■ **What this task involves**: Using the listing below, print the line containing "展望2030年,我們滿懷信心", the line containing "Vánoční svíčka ve", and each line between them, exactly and nothing else. Pictures stay out of the print.

■ **Material supplied**:
::::
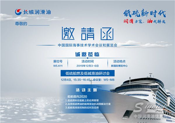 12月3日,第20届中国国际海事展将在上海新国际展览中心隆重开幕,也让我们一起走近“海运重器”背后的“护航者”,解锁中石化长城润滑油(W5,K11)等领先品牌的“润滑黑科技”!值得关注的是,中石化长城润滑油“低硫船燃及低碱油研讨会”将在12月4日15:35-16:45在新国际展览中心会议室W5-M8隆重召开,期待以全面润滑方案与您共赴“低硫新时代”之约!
::::
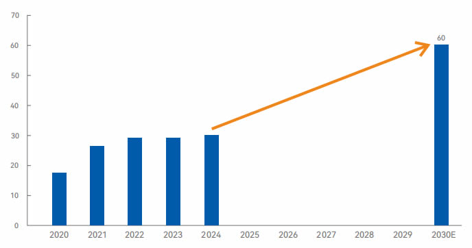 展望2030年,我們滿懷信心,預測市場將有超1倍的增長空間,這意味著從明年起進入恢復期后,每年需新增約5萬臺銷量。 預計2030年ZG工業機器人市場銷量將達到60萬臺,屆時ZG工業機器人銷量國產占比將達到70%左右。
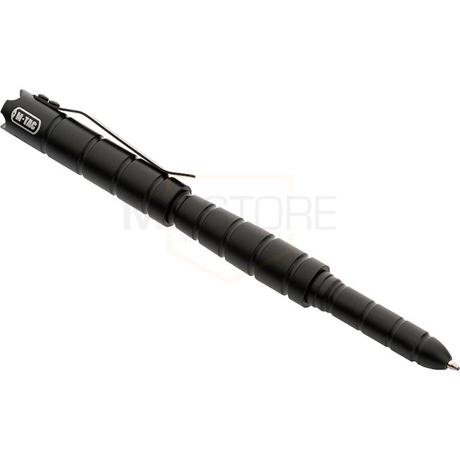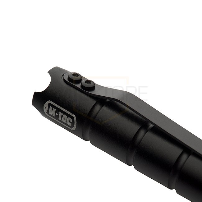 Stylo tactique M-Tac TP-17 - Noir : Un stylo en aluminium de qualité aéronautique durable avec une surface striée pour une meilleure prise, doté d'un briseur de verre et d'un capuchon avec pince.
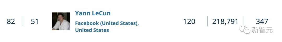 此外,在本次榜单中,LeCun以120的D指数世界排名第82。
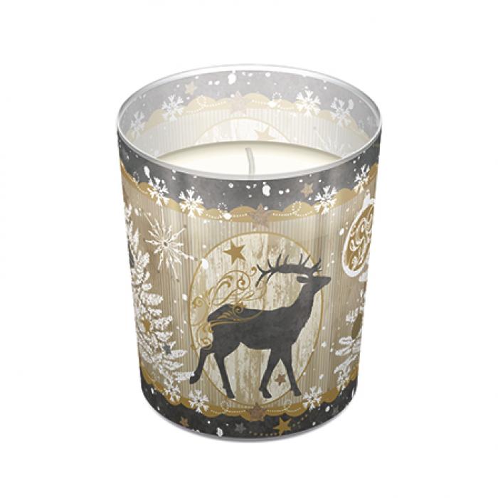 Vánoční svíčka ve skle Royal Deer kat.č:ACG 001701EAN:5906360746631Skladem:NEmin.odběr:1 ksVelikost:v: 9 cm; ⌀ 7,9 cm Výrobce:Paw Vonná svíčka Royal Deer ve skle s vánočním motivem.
::::
■ **Answer for this exercise**:
 展望2030年,我們滿懷信心,預測市場將有超1倍的增長空間,這意味著從明年起進入恢復期后,每年需新增約5萬臺銷量。 預計2030年ZG工業機器人市場銷量將達到60萬臺,屆時ZG工業機器人銷量國產占比將達到70%左右。
 Stylo tactique M-Tac TP-17 - Noir : Un stylo en aluminium de qualité aéronautique durable avec une surface striée pour une meilleure prise, doté d'un briseur de verre et d'un capuchon avec pince.
 此外,在本次榜单中,LeCun以120的D指数世界排名第82。
 Vánoční svíčka ve skle Royal Deer kat.č:ACG 001701EAN:5906360746631Skladem:NEmin.odběr:1 ksVelikost:v: 9 cm; ⌀ 7,9 cm Výrobce:Paw Vonná svíčka Royal Deer ve skle s vánočním motivem.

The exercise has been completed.